Yellow’s Tuesday filing in a Delaware bankruptcy court said claims stemming from its failure to provide 60-day notices to employees ahead of mass layoffs should be thrown out, or at least materially reduced.
Counsel for the company said WARN Act requirements don’t apply as the defunct less-than-truckload carrier’s shutdown was abrupt and the result of the Teamsters union’s refusal to allow a second round of operational changes that were integral to its survival.
The turnaround plan dubbed One Yellow included consolidating its four LTL operating companies, closing redundant terminals and making some drivers work freight on the docks, among other changes. Yellow began pursuing the changes in 2022 and announced in June of last year that it would be out of cash in weeks if the Teamsters didn’t acquiesce. The union contended it had given enough in the past in the form of wage and benefits concessions and that it wasn’t going to keep bailing the company out.
Yellow (OTC: YELLQ) believes the WARN Act doesn’t apply as its closing was unforeseen. It said even in its final days it planned to keep running the business and had a private equity investor lined up to provide it needed capital. It said the union’s denial of the second round of operational changes, and the issuance of a strike notice over missed benefits payments, led to a rapid deterioration in its business.
The strike notice “scared off Yellow’s customers, leading to the sudden, unexpected collapse of Yellow in a matter of days,” the filing stated.

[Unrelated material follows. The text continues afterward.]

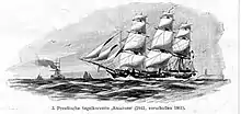On 27 May 1847, he was formally promoted to second lieutenant. A fourth training cruise followed four days later, lasting until October. On their return, Jachmann and the other officers were sent to winter quarters in Danzig.[3] In November 1848, during the Revolutions of 1848 and the concurrent First Schleswig War against Denmark, Schröder was promoted and Jachmann succeeded him as Amazone's commander. Jachmann was promoted to first lieutenant on 29 March 1849. He took Amazone to Stettin for operations against the Danish fleet. She saw no action, however, as the Danes focused their attention on the larger Reichsflotte (Imperial Fleet) in Bremen.[4] On 15 July 1850, the Danish blockade fleet entered Swinemünde and seized several Prussian vessels; Jachmann did not sortie to recapture the vessels, which cast suspicion on him and nearly cost him his command. Amazone, of only 356 metric tons (350 long tons; 392 short tons), was too weak to challenge the Danish and the only other Prussian vessels in the area were small gunboats of even lesser value as warships. As a result, Jachmann was exonerated.[5]

The carrier’s daily shipments declined from 44,550 on July 12 last year to 32,500 on July 19, two days after the strike notice. Shipments fell to 10,450 on July 21 and were nearly zero by July 26. Yellow ceased operations on July 30.
The company said it didn’t have time to plan for mass layoffs and the issuance of WARN Act notices was “neither feasible nor required.” It claims protection from the notification requirement due to the sudden decline in business and argued the requirement’s “faltering company exception” applies as it was still seeking business from customers and capital from investors in its last days. The notices would have scared off both, the filing said.
Of the roughly 1,300 claims referenced in filings, some were made on behalf of employees by pension or health and welfare funds, which “lack standing” to bring the claims, Yellow asserted. Also, some employees released the company from the claims in exchange for severance. A separate filing showed approximately $244 million in claims related to WARN Act violations but noted that many were duplicate claims filed by both employees and their unions or union-related funds.
“The reality is that the Debtors shut down their businesses on an extremely short time frame as the result of completely irrational behavior from the [Teamsters] that neither the Debtors nor any other rational employer would have expected or planned for. No WARN act [provision] provides for liability under these circumstances,” the filing said.
Yellow said it was ready for a hard fight with the union and that “give-and-take” often led to operational changes in the past.
“Based on this historical record, Yellow understood that the [union] would drive a hard bargain but never drive the Company to the brink of failure, which would risk losing 22,000 unionized jobs,” the filing read.
Yellow’s objection asked the court to grant the order with an April 4 deadline for claimants to respond and a hearing date of April 11.
Discovery will continue in Yellow’s $137M suit against Teamsters
A U.S. District Court in Kansas said discovery in Yellow’s $137 million breach-of-contract lawsuit against the Teamsters will continue. The union argued to stay the costly advanced stages of discovery for a case that may ultimately be thrown out. A separate motion from the Teamsters has called on the court to dismiss the case.
An order denying the stay showed that the union had produced less than 1% of its total expected document production. Unsurprisingly, the filing showed Yellow had “substantially completed their document production by the March 1 deadline.”
The suit claims the Teamsters intentionally blocked the proposed change of operations, which it didn’t have the authority to do.